Define the graph. Initialize the parameters. Start experimenting.

from jax_setup import set_jax_flags_before_importing_jax
set_jax_flags_before_importing_jax()

import jax
from fabricpc.nodes import Linear
from fabricpc.core.topology import Edge
from fabricpc.graph_assembly import TaskMap, graph
from fabricpc.graph_initialization import initialize_params
from fabricpc.core.inference import InferenceSGD

layer1 = Linear(shape=(784,), name="input")
layer2 = Linear(shape=(256,), name="hidden")
layer3 = Linear(shape=(10,), name="output")

structure = graph(
    nodes=[layer1, layer2, layer3],
    edges=[Edge(source=layer1, target=layer2.slot("in")),
           Edge(source=layer2, target=layer3.slot("in"))],
    task_map=TaskMap(x=layer1, y=layer3),
    inference=InferenceSGD(eta_infer=0.05, infer_steps=20),
)

rng_key = jax.random.PRNGKey(0)
params = initialize_params(structure, rng_key)

Demos

The examples folder includes working demonstrations across image classification, sequence modeling, depth scaling (examples/scaling/), associative memory, and architectural probes. Start with mnist_demo.py (over 98% accuracy on MNIST) and explore from there.

Documentation

User guides, API reference, and tutorials live in docs/user_guides. Development plans and technical design documents are in docs/dev_plans.

Extending FabricPC

Custom Nodes

Create custom node types by subclassing NodeBase. Implement the forward() and initialize_params() methods. Nodes have a single output. Define slots for incoming connections. Slots are named arguments of the node's forward() method and are referenced in edges when building the graph.

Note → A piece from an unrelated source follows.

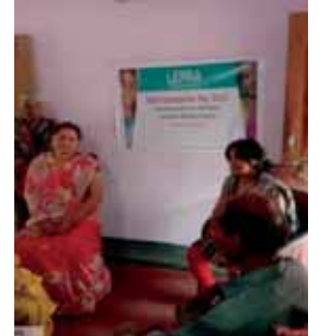
LEPRA Foundation Day celebrations, Kanas & Odagaon blocsk
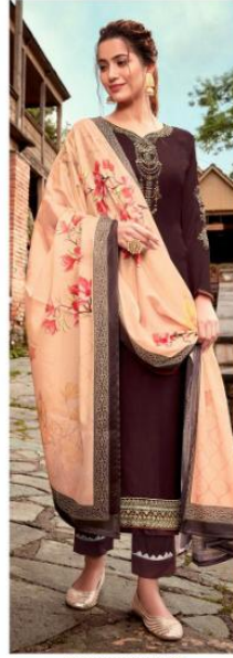
***** * D.No. 13004 *

See docs/user_guides/06_custom_nodes.md for the node contract and an example of Conv2D implementation.

Contributing

Contributions are welcome! Please open issues or pull requests on the GitHub repository.

  • Develop on a branch using the convention username/your_feature_name.
  • Demos must match baseline results, or explain any divergence.
  • The test suite must pass.
  • Write unit tests and docstrings for new code.
  • Use the pre-commit hooks for PEP8 style and code quality.
  • Rebase before opening PR.

This is a research-first project.

  • APIs may change frequently until the v1.0 release.
  • Any breaking changes are documented in the changelog.

Team

FabricPC is actively maintained by SingularityNET as part of the Artificial Superintelligence Alliance. Project lead: Dr. Matthew Behrend.

License

This project is licensed under the MIT License.